- Records for the exercise:
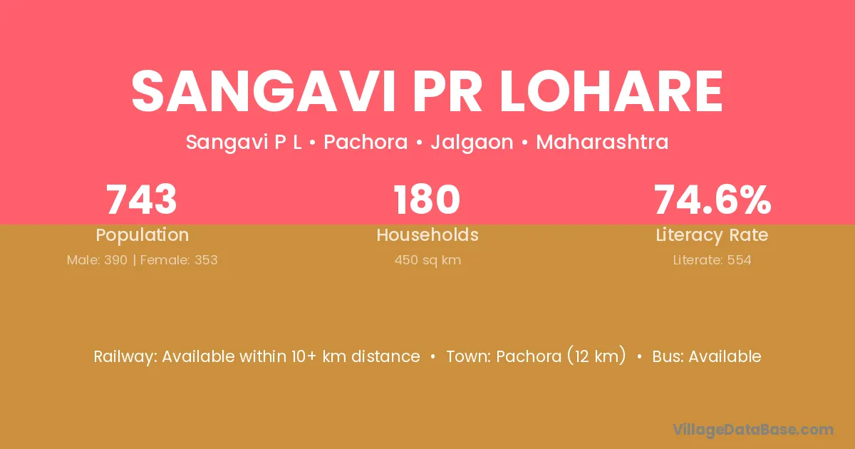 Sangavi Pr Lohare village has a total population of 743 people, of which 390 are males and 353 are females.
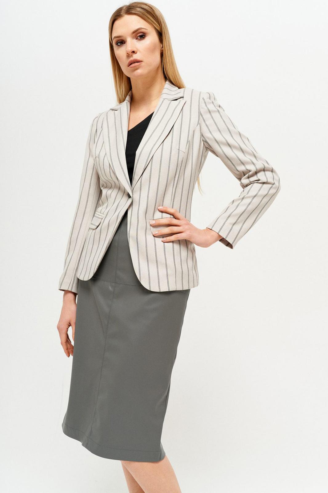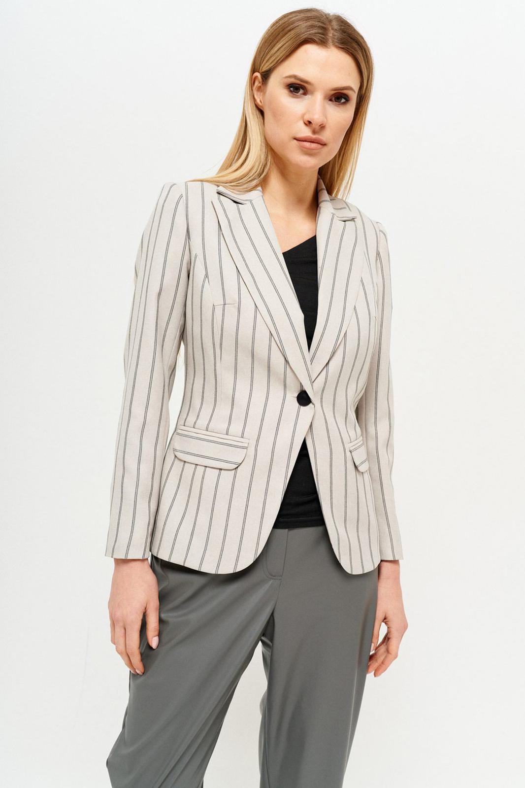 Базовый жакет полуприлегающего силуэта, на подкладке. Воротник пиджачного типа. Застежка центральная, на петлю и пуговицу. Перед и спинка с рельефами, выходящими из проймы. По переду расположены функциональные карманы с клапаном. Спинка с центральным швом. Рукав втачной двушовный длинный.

...

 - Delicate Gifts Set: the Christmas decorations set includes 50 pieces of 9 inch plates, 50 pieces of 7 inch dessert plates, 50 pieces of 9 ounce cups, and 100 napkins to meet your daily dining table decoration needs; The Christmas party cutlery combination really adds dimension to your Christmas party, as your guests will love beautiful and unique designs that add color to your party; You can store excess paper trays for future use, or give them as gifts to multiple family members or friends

- Task: Would you copy, word for word, only the lines above from the one containing "Sangavi Pr Lohare" through the one containing "Базовый жакет полуприлегающего", both included, and please leave out the pictures?

- Answer to this problem:
 Sangavi Pr Lohare village has a total population of 743 people, of which 390 are males and 353 are females.
 Базовый жакет полуприлегающего силуэта, на подкладке. Воротник пиджачного типа. Застежка центральная, на петлю и пуговицу. Перед и спинка с рельефами, выходящими из проймы. По переду расположены функциональные карманы с клапаном. Спинка с центральным швом. Рукав втачной двушовный длинный.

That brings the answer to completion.